Khazans are predominantly rice and fish fields. They are formed out of reclaimed wetlands, salt marshes, and mangrove areas where constructed embankments and sluice gates regulate tidal influence and the influx of seawater. They are a heritage, but a dying one in a rapidly urbanizing Goa, whose rows of shark-faced villas and apartment complexes with swimming pools have replaced most of the area’s ancient trees and marine ecosystems. Swaths of gentrification have recently robbed the state—a tourism hot spot for decades—of its biodiversity. This has led to a direct assault on its agriculture and the diversity of both its farming systems and the crops themselves.

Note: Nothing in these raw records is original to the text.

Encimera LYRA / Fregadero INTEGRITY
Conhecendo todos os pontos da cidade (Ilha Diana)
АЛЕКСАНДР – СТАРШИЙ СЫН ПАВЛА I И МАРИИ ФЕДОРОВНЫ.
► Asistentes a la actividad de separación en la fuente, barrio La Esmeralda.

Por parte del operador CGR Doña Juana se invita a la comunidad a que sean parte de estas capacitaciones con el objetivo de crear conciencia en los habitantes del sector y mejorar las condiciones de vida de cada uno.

For within each khazan exists its own special varieties of rice that have evolved over thousands of years to suit the sites. The predominant khazan variety found today is known as Korgut—a plump, brown grain resistant to salinity and nutritious to eat.

Rodrigues shakes his head when I ask if he plans to feed any Korgut into the boiler today. “It’s precious. I’m not going to put it in there,” he whispers, as if it were a secret that no one else knows.

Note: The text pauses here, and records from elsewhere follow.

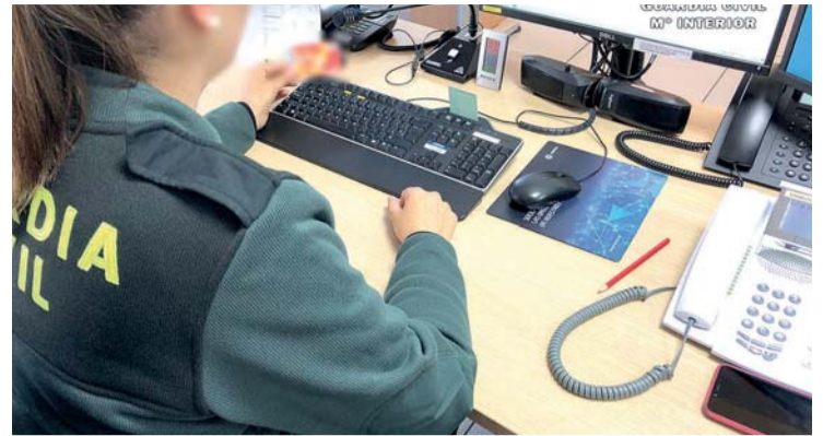
Las falsas denuncias provocan la pérdida de recursos en otras investigaciones.

por lo que se investigó al amigo y se detuvo al denunciante, que podría enfrentarse a dos años de prisión y a multas económicas por simular un delito.
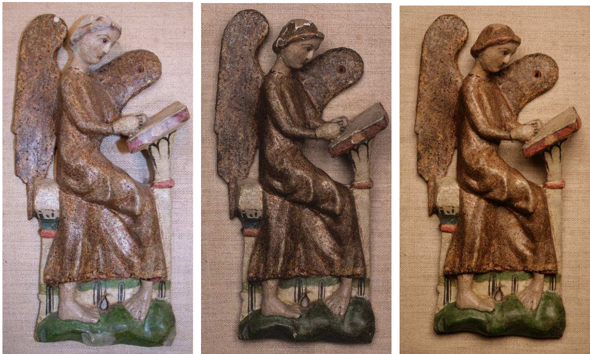
Figur 4. Middelalderrelieffet fotografert før, under og etter behandling 2006 - 2007.
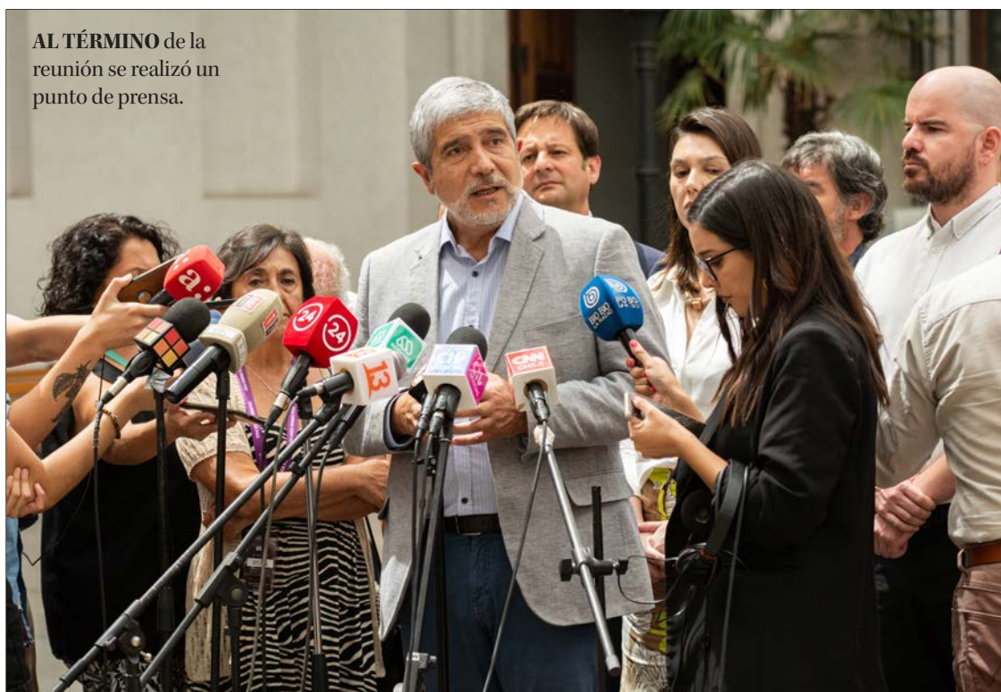
AL TÉRMINO de la reunión se realizó un punto de prensa.

En tanto el ministro de agricultura, Esteban Valenzuela Van Treek, valoró la instancia, reforzando la idea de tomar decisiones en base a evidencia científica, tal como se hizo en los eventos recientes. “El Ministerio de Agricultura tomó información de la Universidad de Chile, de la Universidad de Concepción, también de la Universidad de la Frontera, y por eso una semana antes el sector agrícola hizo la tarea de faena cero” por las condiciones que se presentaban. Trabajo que ahora se podrá ahondar y proyectar aún más con esta mesa técnica.
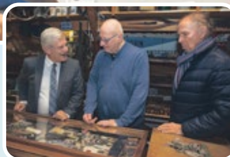
In gesprek bij de Historische Kring 'In de Gloriosa' Ankeveen-s-Graveland-Kortenhoef
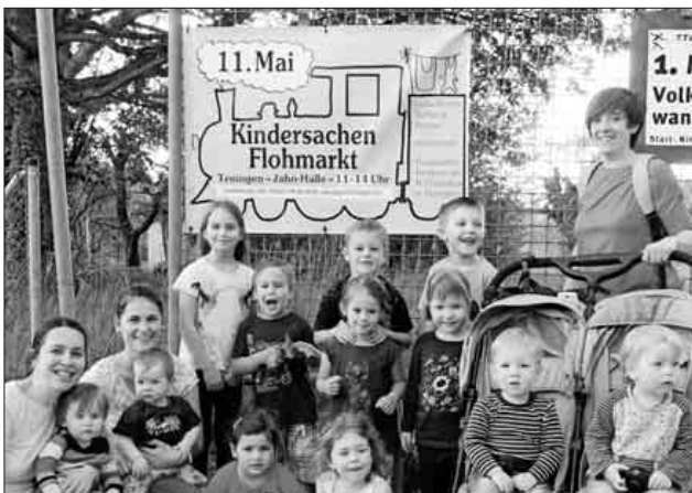
Unter der Mithilfe der Kinder wurden die Werbebanner an den Ortseingängen für den Spiel- und Kindersachenflohmarkt aufgehängt.

Restlos ausgebuht sind alle Tische für den großen Spielzeug- und Kindersachen-Flohmarkt am Samstag, 11. Mai, in der Ludwig-Jahn-Halle in Teningen. Mit über 150 Ständen ist der Flohmarkt aktuell der größte in ganz Südbaden. Für Kinder und Jugendliche, die ihre Spielsachen auf einer Decke verkaufen wollen, gibt es noch Platz im Foyer oder bei gutem Wetter vor der Halle. Am Wochenende wurden unter tatkräftiger Mithilfe der Kinder die Werbebanner an den Ortseingängen aufgehängt. Eingeladen sind alle, die gerne stöbern oder sich mit Spielsachen und Kinderkleidern eindecken wollen. Das Orga-Team sorgt für Speisen und Getränke, eine große Kuchen-Theke mit über 70 leckeren Kuchen rundet das gastronomische Angebot ab. Auch für ein buntes Rahmenprogramm mit Maltisch, Kinderschminken und vielem mehr ist gesorgt. Der gesamte Erlös kommt den Projekten des St.-Franziskus-Kindergartens zugute.

It is Korgut that I came looking for in Curtorim. Khazans and their rice varieties had intrigued me when I first read about them in 2018. It struck me as miraculous that rice could be grown in saltwater. I wondered what it would taste like—would the rice itself be salty? And I wondered why agrarian cultures like these were sidelined for more cosmetic, aspirational food cultures.

When I first arrived, I drove around North Goa, asking farmers, supermarket workers, neighbors I met at tea stalls, whether they knew about it.

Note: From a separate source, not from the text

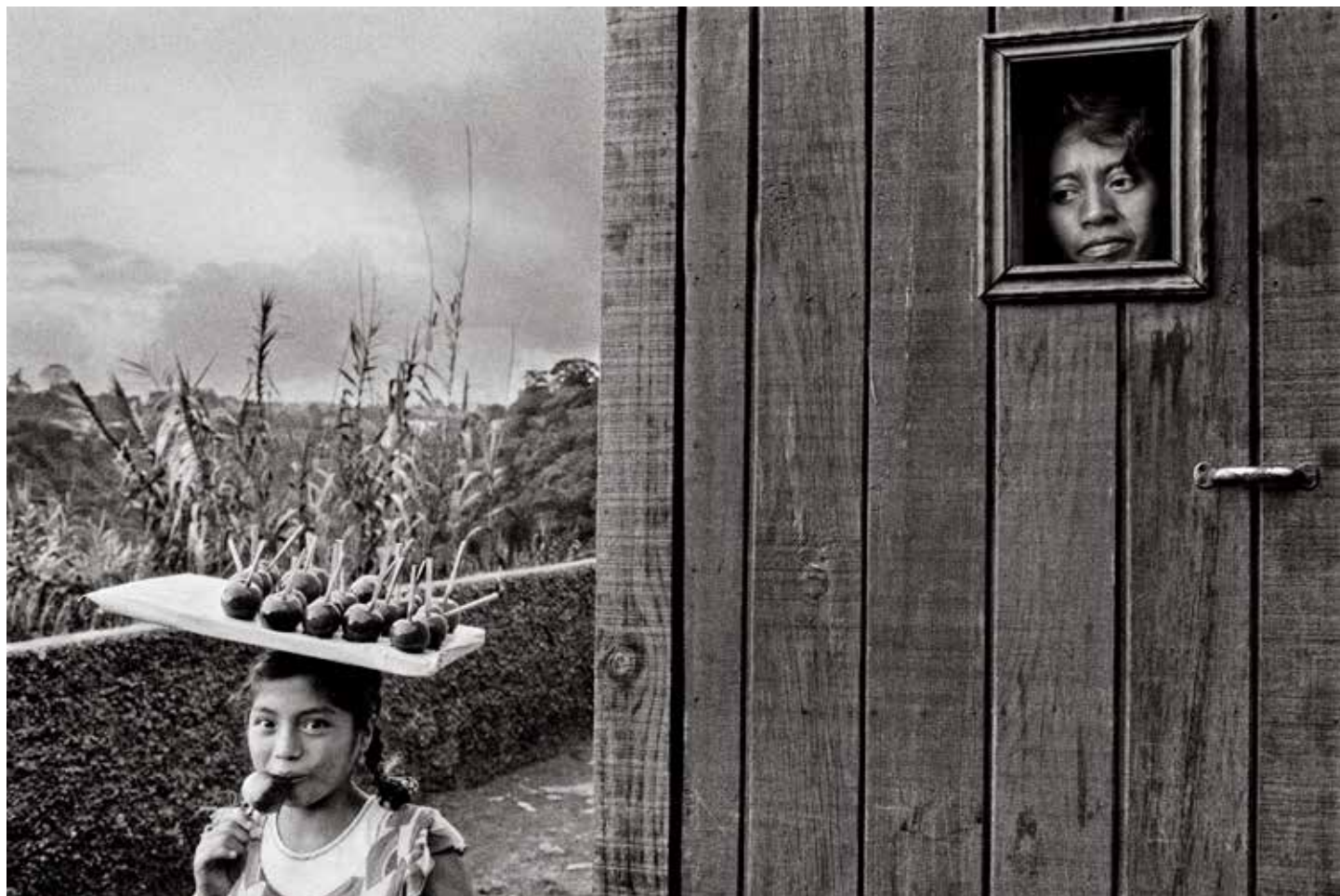
4. Sebastião Salgado, Periferia di Città del Guatemala , 1978. Collezione MEP, Parigi, Dono dell'autore 1988

“Have you heard of Korgut?” I asked Sumana Kerkar, a farmer from whom I bought a pineapple every morning. “Of course,” she said, cutting the fruit’s large head and dropping it in my bag. “I grew up eating it. There are songs of Korgut, so many stories. It is the real rice. The Goan rice.”

AGRICULTURE HAS BEEN a mainstay in the region for centuries, and in every corner, a different climate, temperature, and soil quality establish what people have grown and what they can eat. During my time in Goa, locals would teach me to note the difference in climate and terrain. “Here you can see lilies, so it is sweet water, and we can grow green vegetables,” someone told me as I drank tea near a river. “Coconut grows there. The reddish soil is rich in aluminum,” a friend informed me as we drove around the region, rice fields giving way to hilly forests, covert rivers appearing and disappearing.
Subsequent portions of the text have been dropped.